The day was getting old and dark, the sky and wind no less ugly. They left this most recent Prague in time to make it back to Oklahoma City for the night, and checked into the first motel they spotted just before the daylong winds finally ushered in cold rain. In the morning, drinking from Styrofoam cups the thin coffee they brewed in their room, they spread out the maps they’d picked up at a gas station and plotted their next move. The skies had mostly cleared overnight. A sunrise of frosty pinks and silvers was reflected in puddles in the parking lot outside.
“Well, our last and least Prague is about four hundred and sixty miles north of here. Should take us seven, maybe eight hours.”
“Why do you say ‘least’?” asked Gerrit. He had awakened before Meta and lain in bed worrying about how she was going to handle not finding the first movement of the sonata. Her brief outburst in the car had startled him into the realization that if this third and final American Prague didn’t turn up Otylie Bartošová, Meta could easily make the mistake of considering her quest a failure.
“Oh, I don’t mean it derogatorily. The opposite. Just it’s the smallest of the three Pragues and pretty much my last chance. If we drive straight through and the weather stays nice, by tomorrow sometime we’ll have been able to knock on every door in town. Then we’ll know.”

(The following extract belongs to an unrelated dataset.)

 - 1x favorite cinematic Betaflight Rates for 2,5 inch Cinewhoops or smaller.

“Meta. Remember Venus de Milo, hear me?”
She nodded at him without saying anything, but he could see the worry there.
“Besides, it’s not your last chance. We’ll go back to New York and regroup. We haven’t checked national census records yet, and there are other ways to find people. We’re not out of options.”

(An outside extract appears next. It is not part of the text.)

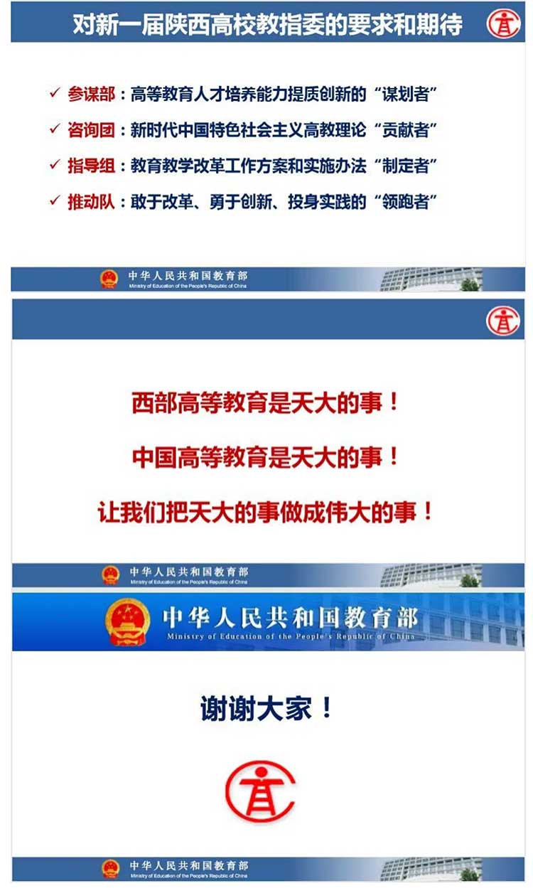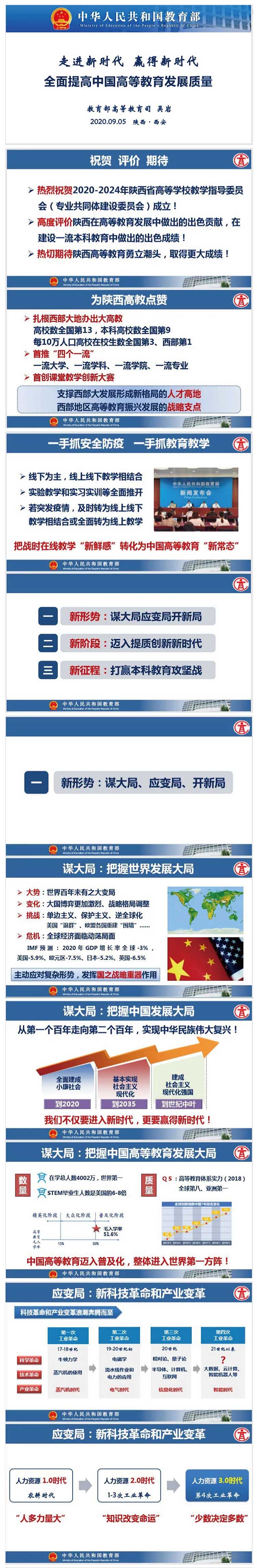 9月5日,2020-2024年陕西省高等学校教学指导委员会成立大会召开,教育部高等教育司司长吴岩应邀参会并作了“走进新时代,赢得新时代,全面提高中国高等教育发展质量”专题报告。

He weighed whether to share with Meta the information he’d learned about Wittmann when they were in London. It had been quite a stretch since then—four days? Five? The travel from Prague to Pragues began to blur. He decided to wait until after the trip north. “Some breakfast first?” he asked, breaking the silence.
“I’m famished,” she agreed. “Shall we just grab something and eat it on the road?”
“Sounds like a plan.”
They packed their few belongings after a quick s
hower and set off for, as Gerrit had taken to spelling it in his notebook, having learned how the name was pronounced out here, Praygue.

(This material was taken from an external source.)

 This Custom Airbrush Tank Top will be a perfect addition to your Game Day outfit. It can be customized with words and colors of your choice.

UNNERVED BUT UNBOWED, WITTMANN lit the first of many cigarettes he would smoke that day, then tossed his match into the gutter as he stood looking up and down the street in front of Mandelbaum’s hotel. Not that he expected to see the man’s back as he disappeared around a corner like some tawdry rat. Mandelbaum was neither tawdry nor a rat, he knew, but rather had become someone who no longer seemed to understand how the world worked.
To think he, Wittmann, had been naive enough to believe he had formed a collegial pact with his American friend. Not collaborative, no. Not symbiotic. But, at minimum, the beginnings of a civilized negotiation. Moving uneasily together toward a common goal, improvising their way as they had done in times past. For him to have checked out like this without the common courtesy of a forewarning, a simple call? And where precisely were his acolyte and the goddamn manuscript? He couldn’t remember feeling such a combination of disgust, chagrin, even dread—of not being in firm control of his corner of the world.
Now here he stood with nothing more than a note on hotel stationery, sealed in an envelope with its fancy engraved coat of arms, which the desk clerk handed him while they exchanged a few cordial unpleasantries of their own.
Please, Wittmann had tried, offering the younger man in his somewhat military-style hotel uniform a gracious smile. I’ve been trying to call him since yesterday. I expect that if you dial him from the front desk, you’ll have better luck getting through.